By that year there will be about 300 million more “over 65” individuals than in 2014; China, Germany, Italy and Japan will be the countries most affected by the phenomenon. The services made necessary by the care of this segment of the population worldwide could generate between 50 and 80 million full-time employees. Another 20-40 million could finally come from investments in physical infrastructure and related to the use of new energy sources.
Learn to relearn
The use of new technologies requires new skills and a new way of communicating them. The introduction of machines during the first industrial revolution had made it necessary to improve the ability to understand written texts and numerical calculations. Since then, the state has assumed almost everywhere the role of promoter of widespread universal education with a model that in some way replicated the methods and contents of the factory. The use of new technologies and artificial intelligence could today cause a break with the past both in the contents of training and in the way it is imparted and disseminated. With regard to the already employed workforce, today there is the problem of both measuring skills and verifying whether or not they are suitable for the new production context. The analyzes that quantify the consequences of the adoption of new technologies on employment are difficult to grasp the qualitative implications on the tasks performed. Experience in this case does not help because the current process is much faster than any other in the past and because the average life of working duties is substantially reducing: compared to apprenticeship courses that last 5 years or more , the required qualifications now have an average life of two to five years.
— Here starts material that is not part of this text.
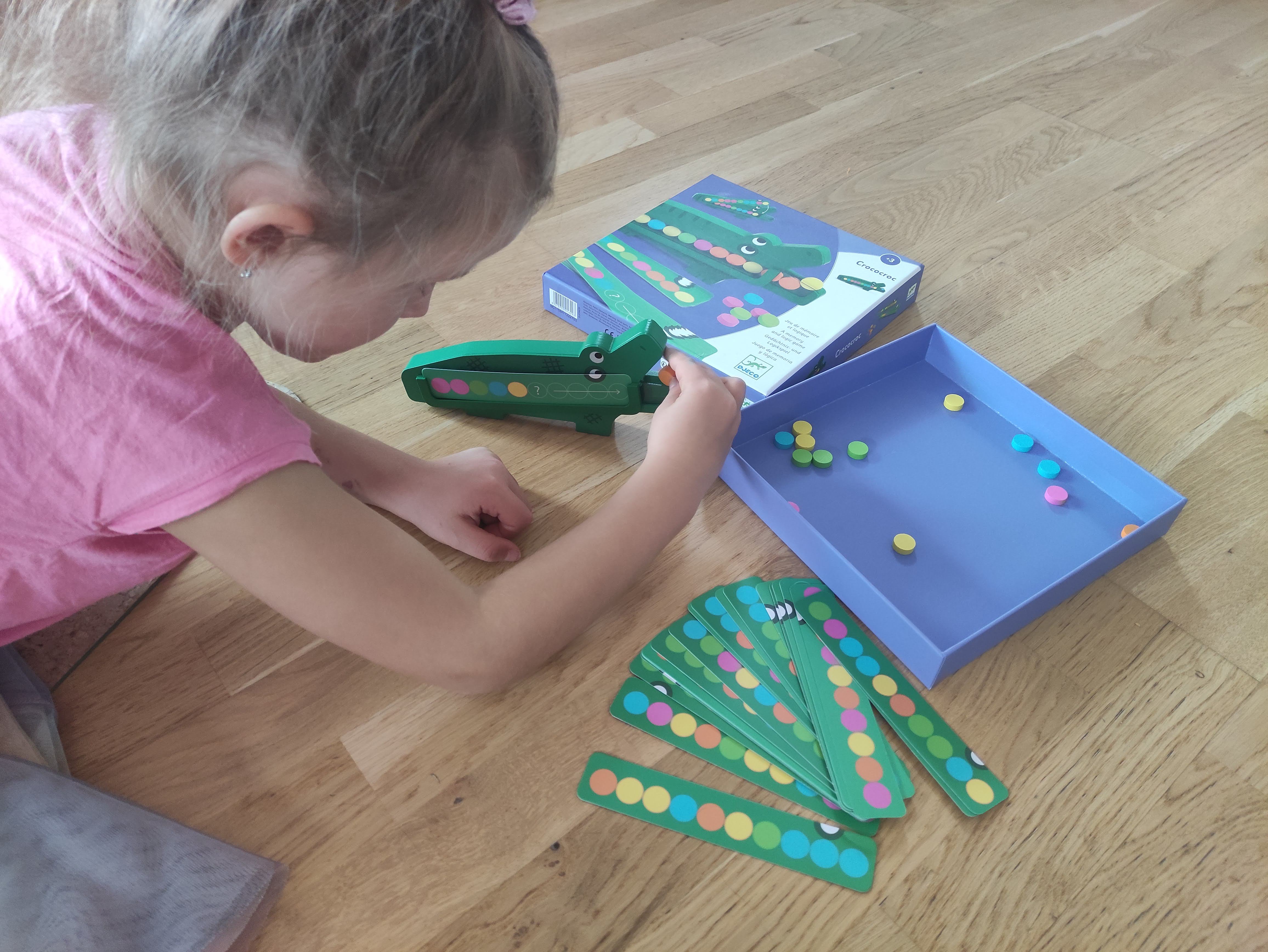 Das Spiel ist definitiv für Kinder ab 3 Jahren geeignet, aber in gewisser Weise können auch viel jüngere Kinder davon profitieren. Wie? Zum Beispiel, um ihren Pinzettengriff und ihre Feinmotorik zu trainieren. Das Krokodil ist aus Holz, so dass es auch von kleinen Kindern nicht beschädigt werden kann, wenn sie es anfassen. Sie können die Räder mit der kleinen Hand oder mit der großen Holzpinzette aus dem Pinstou Motorikspiel (das für Kinder im gleichen Alter gedacht ist und das wir ebenfalls sehr empfehlen) oder einer anderen Pinzette, die Sie zu Hause haben, in sein Maul stecken. Dank der farbigen Räder können Kinder mit diesem Spiel ihre ersten Farbübungen machen. Es ist also klar, dass dieses Spiel zu Hause mehrere Jahre lang auf unterschiedliche Weise Verwendung finden wird, und mir persönlich macht es sehr viel Spaß.

It then becomes fundamental to define learning paths that allow workers to acquire new skills, but above all allow them to "learn to re-learn", thus avoiding obsolescence. Curiosity and the ability to solve problems are two elements that future employee training programs will have to pay particular attention to. An analysis conducted by the OECD highlights the link between the skills of adult individuals (i.e. ability to solve problems, use ICT tools and applications for
access and manage information) and the likelihood of participating in the labor market. On average, the labor force participation rate is close to 90% for adults aged between 25 and 65 with high skills in these fields (level 2-3), it drops to 76% in the case of low-medium skills (below 1) and drops to 47% for individuals with no skills.
The difference between the three categories remains high even when referring to homogeneous groups of workers, for example those with a high level of education, or individuals belonging to the same gender. The differences appear particularly marked in the United Kingdom, Ireland, the Netherlands and Norway; other conditions being equal (education, gender, and so on) in these countries the labor market participation rate of those with advanced problem solving skills and the ability to use ICT tools is 17 pp higher than those with average skills, while that of those with minimal skills is 33 percentage points higher than those with no skills at all.